With the completion of the human genome project (HUGO) during recent years, gene function, protein abundance and expression patterns in tissues and cell types have emerged as central areas for the scientific community. A mapped human proteome will extend the value of the genome sequence and large-scale efforts aiming at elucidating protein localization, abundance and function are invaluable for biomarker and drug discovery. This research area, termed proteomics, is more demanding than any genome sequencing effort and to perform this on a wide scale is a highly diverse task. Therefore, the proteomics field employs a range of methods to examine different aspects of proteomics including protein localization, protein–protein interactions, posttranslational modifications and alteration of protein composition (e.g. differential expression) in tissues and body fluids. Here, some of the most commonly used methods, including chromatographic separations together with mass spectrometry and a number of affinity proteomics concepts are discussed and exemplified.

Introduction

With the completion of the human genome sequence (Consortium, 2004; Lander et al., 2001; Venter et al., 2001) the main focus has shifted from sequencing to annotation of gene function and further to protein expression pattern analysis in body fluids, tissues and cells of different origin. A driving force in genomics and proteomics is to shed light on the cellular events decisive for organisms or cells fate. However, precise knowledge of protein function is not always necessary in an initial phase, even the bare recognition of a differentially expressed protein would be of high interest. Such proteins are potential marker molecules that may be utilized for diagnostics, treatment or even prevention of severe diseases as various cancers. The impact of proteins as targets in drug development is reflected by the fact that more than 80% of all available pharmaceutical drugs act through proteins (Drews, 2000).

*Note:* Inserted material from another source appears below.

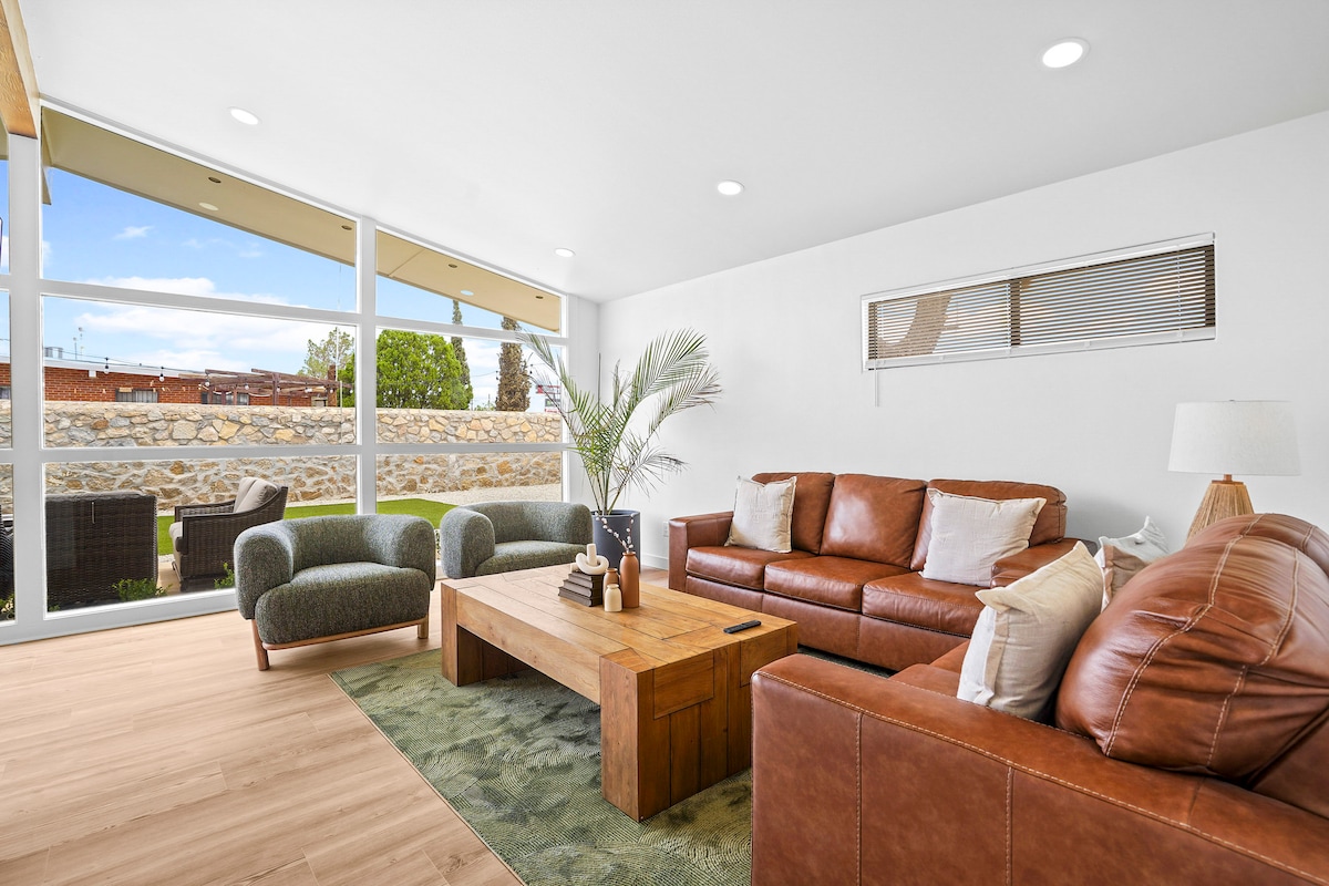 Zapadni El Paso. Doživite urbani cvijet, zadivljujuću rezidenciju El Paso u kojoj se moderna udobnost susreće s umjetničkim stilom. Ova kuća sa 4 spavaće sobe, 2 kupatila i 3 TV-a, smještena na praktičnoj zapadnoj strani grada, nalazi se nedaleko od autoputa i savršena je za jednostavno putovanje. Igrajte se u klimatizovanoj prostoriji za igre, uživajte u filmovima na TV-u s projekcijom i da, vaši kućni ljubimci su dobrodošli ovdje! Doživite udobnost umotana u živopisni stil.

Today, genome sequences from more than 400 organisms, representing all branches of life, archaeal, bacterial and eukaryal, are publicly available (listed at www.genomesonline.org) and the number of sequenced genomes increases every day. Currently, 1600 genomes are being sequenced in ongoing projects (Liolios et al., 2006). The available genome sequences provide useful information to the proteomics community. From the DNA sequence it is possible to theoretically say what proteins may be present in a sample. Furthermore, a known gene sequence is commonly used to identify and verify proteins detected by various proteomics methods. Modern sequencing technology, provide highly accurate sequences. For example, the human genome is completed to 99% and the predicted error rate is about 1 event per 100 000 bases (Consortium, 2004). Altogether, there are more than three billion bases included in the human genome and the number of protein-coding genes is predicted to be over 23 000 (Ensembl version 40, August 2006, www.ensembl.org). However, most of the genomes still remain to be functionally annotated and a comprehensive proteome exploration is even more challenging than any genome sequencing effort. While genomes are essentially static over time, the composition and levels of transcribed mRNAs and expressed proteins is fluctuating at every single time point.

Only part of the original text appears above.